[PROBLEM REQUIREMENTS]
Every line from the one with "ঝিনাইদহের মহেশপুর উপজেলার" through the end of the entries below must be retyped exactly, and only those lines. The pictures are not part of the copy.

[INPUT DATA]
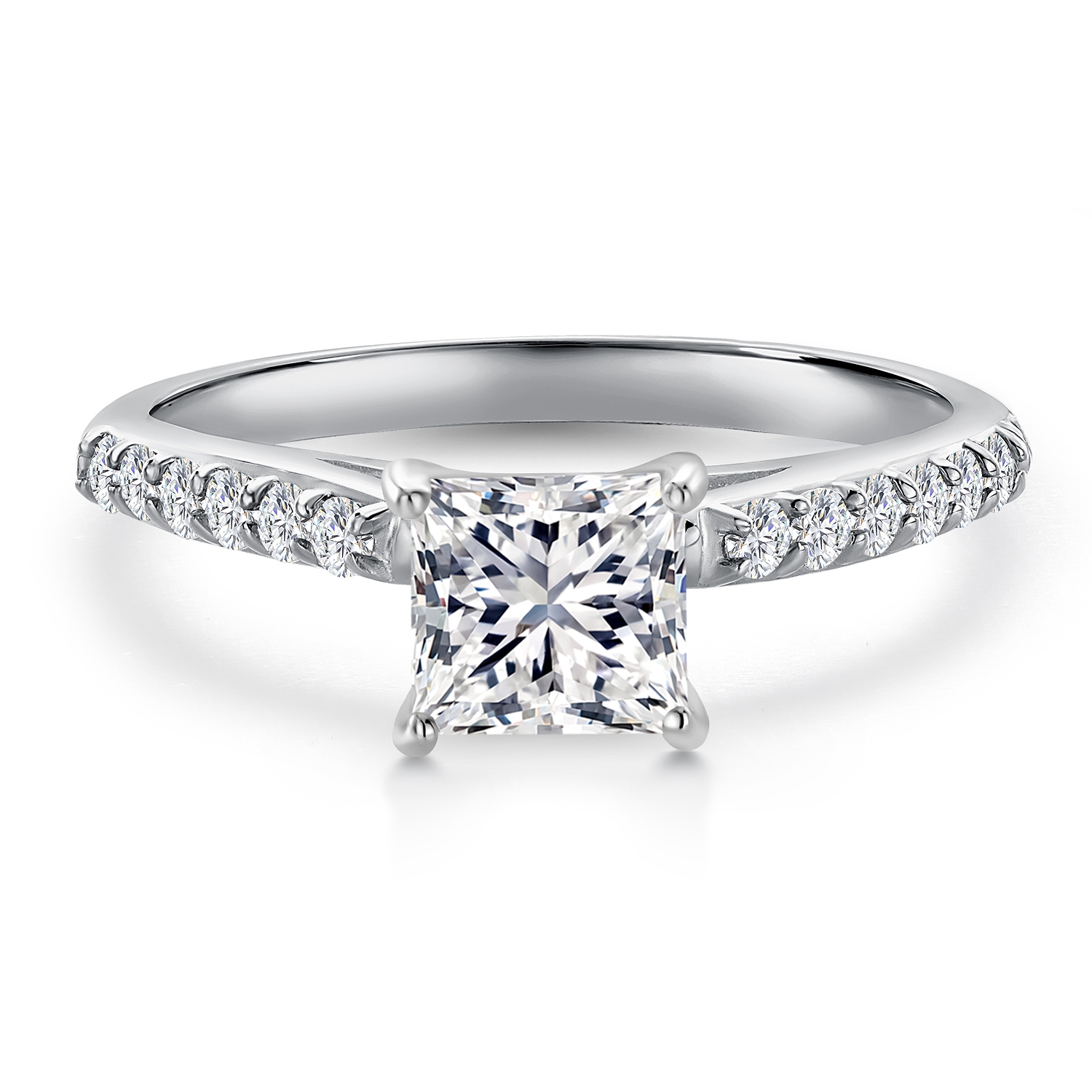 1.25 CTTW LAB-GROWN DIAMOND BRILLIANCE: This stunning engagement ring features a 1.00 carat princess-cut lab-grown diamond at its center, enhanced by accent stones for a total of 1.25 carats. With E-F color and VS1-VS2 clarity, the diamond radiates crisp brilliance and exceptional fire—offering a luxurious and ethical alternative to mined diamonds.
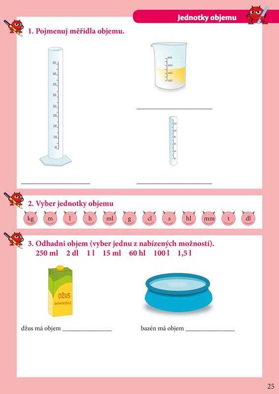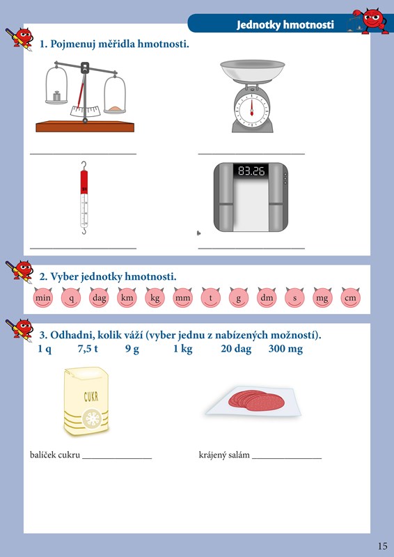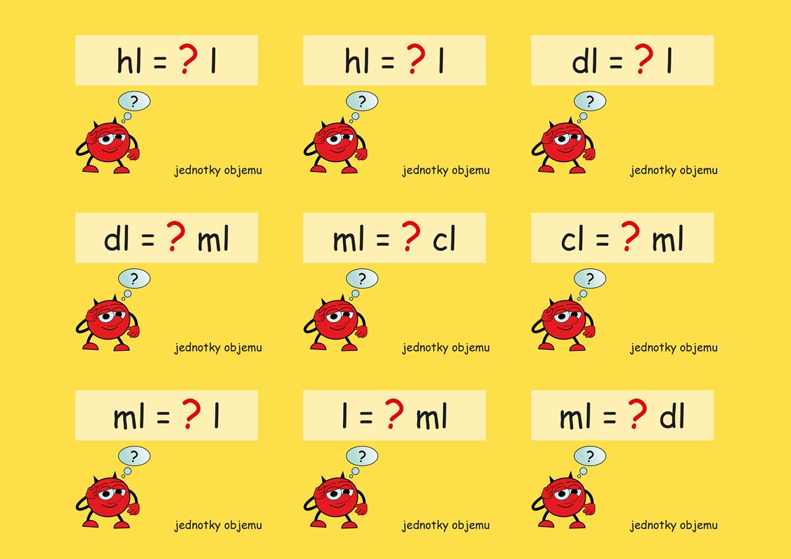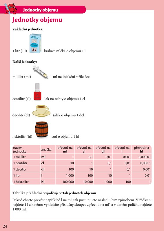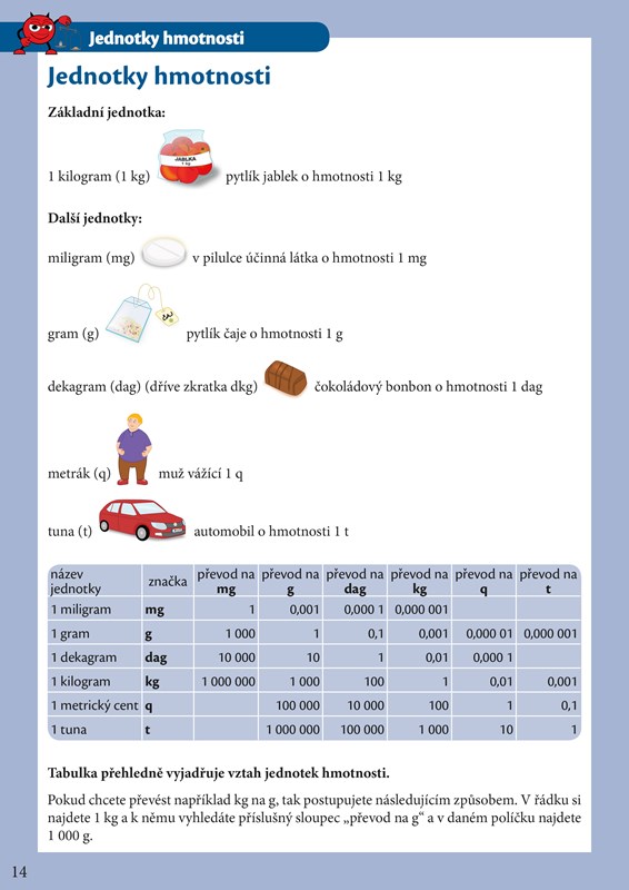 A zase se celý třese na to, až vám bude pomáhat s učením. Čertík se teď v hodinách matematiky učí převádět jednotky, a tak dobře ví, že je to pěkná dřina. Čertík už ale spěchá za vámi, aby všechno vysvětlil. Vyčaroval pro vás kouzelné karty, díky kterým vám půjde učení pekelně snadno. Karty najdete v příloze cvičebnice. Vystřihněte je a hned se můžete pustit do učení. Každá kartička vás učí, jak při převádění jednotek postupovat. Karty si budete postupně procházet a ty, které ještě neumíte, odložíte stranou a vrátíte se k nim později. Za chvilku určitě budete umět převádět jednotky bez sebemenšího zaváhání. To by v tom byl čert, abychom to spolu nezvládli!
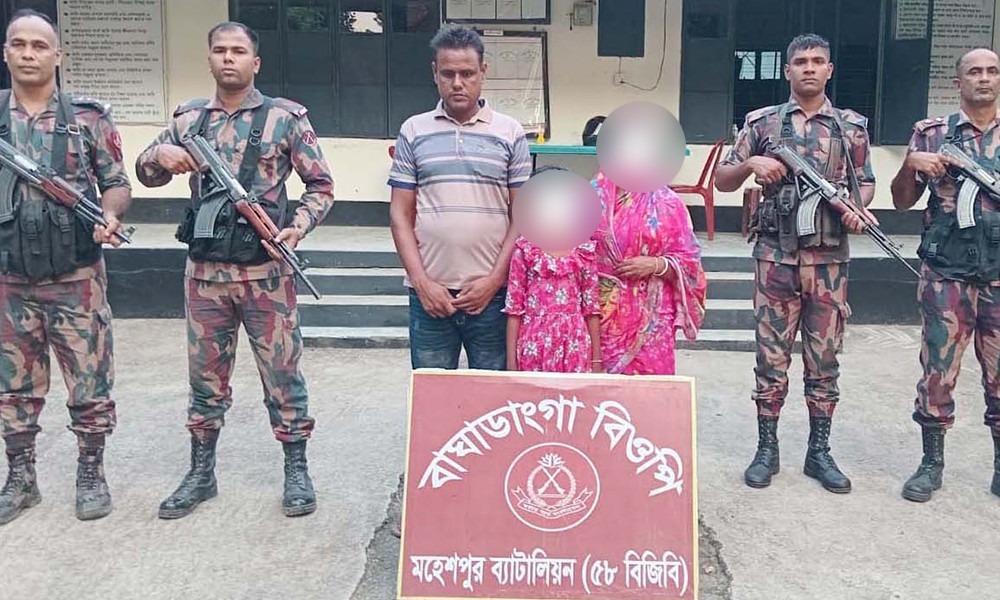 ঝিনাইদহের মহেশপুর উপজেলার বাঘাডাঙ্গা সীমান্ত দিয়ে অবৈধভাবে ভারতে প্রবেশের চেষ্টা করার সময় নারী, পুরুষ ও শিশুসহ তিনজন বাংলাদেশি নাগরিককে আটক
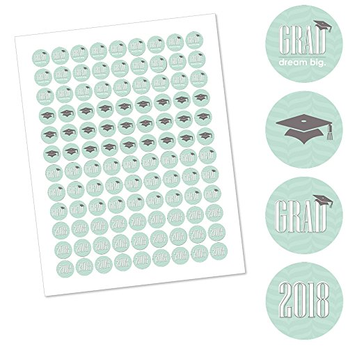 Con-GRAD-ulations Mint - 2018 Graduation Round Candy Sticker Favors - Labels Fit Hershey’s Kisses (1 sheet of 108)
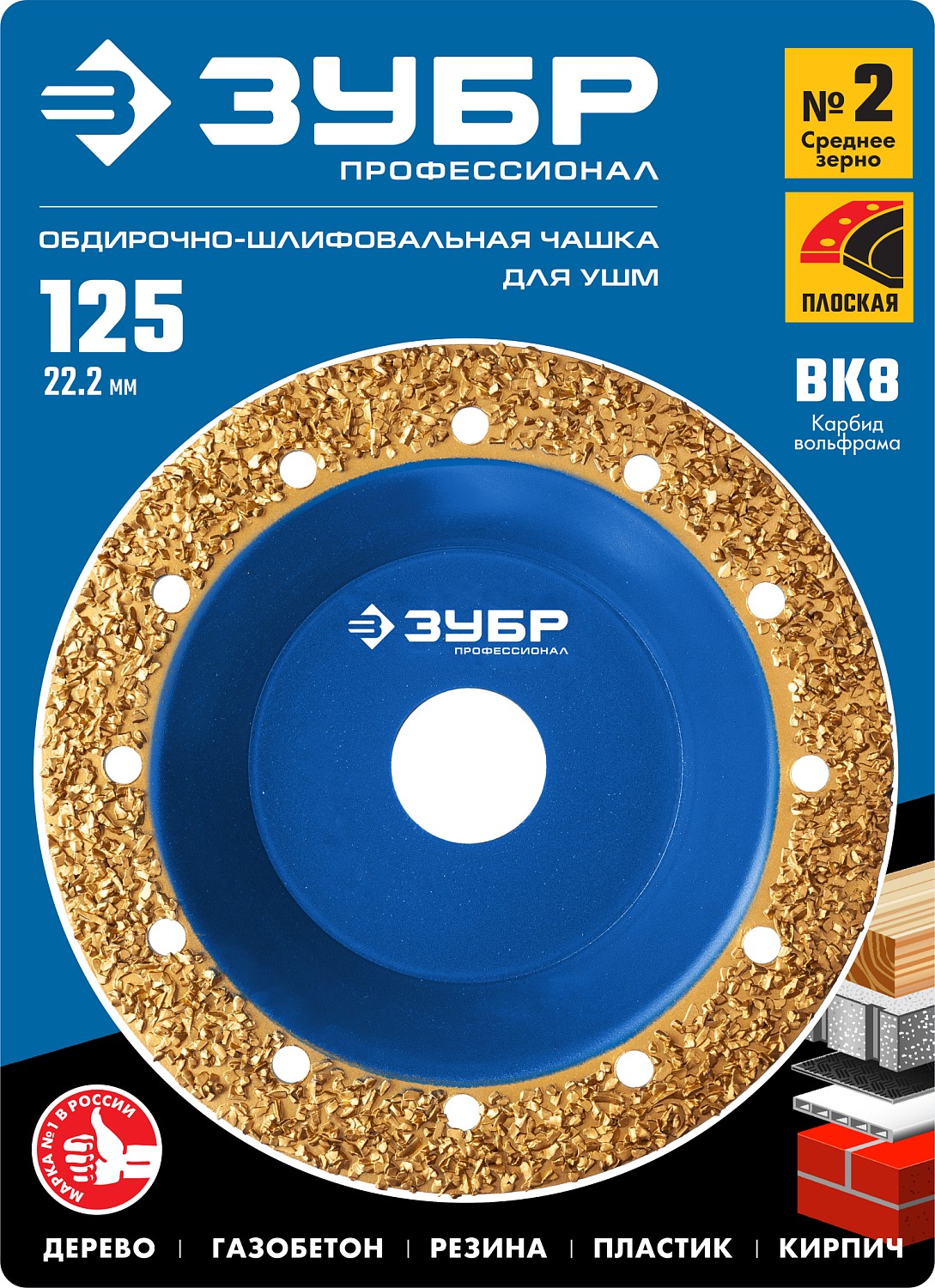 ЗУБР №2 среднее зерно, 125 мм, ВК8, плоская обдирочно-шлифовальная чашка, Профессионал (33430-2)

[EXERCISE SOLUTION]
 ঝিনাইদহের মহেশপুর উপজেলার বাঘাডাঙ্গা সীমান্ত দিয়ে অবৈধভাবে ভারতে প্রবেশের চেষ্টা করার সময় নারী, পুরুষ ও শিশুসহ তিনজন বাংলাদেশি নাগরিককে আটক
 Con-GRAD-ulations Mint - 2018 Graduation Round Candy Sticker Favors - Labels Fit Hershey’s Kisses (1 sheet of 108)
 ЗУБР №2 среднее зерно, 125 мм, ВК8, плоская обдирочно-шлифовальная чашка, Профессионал (33430-2)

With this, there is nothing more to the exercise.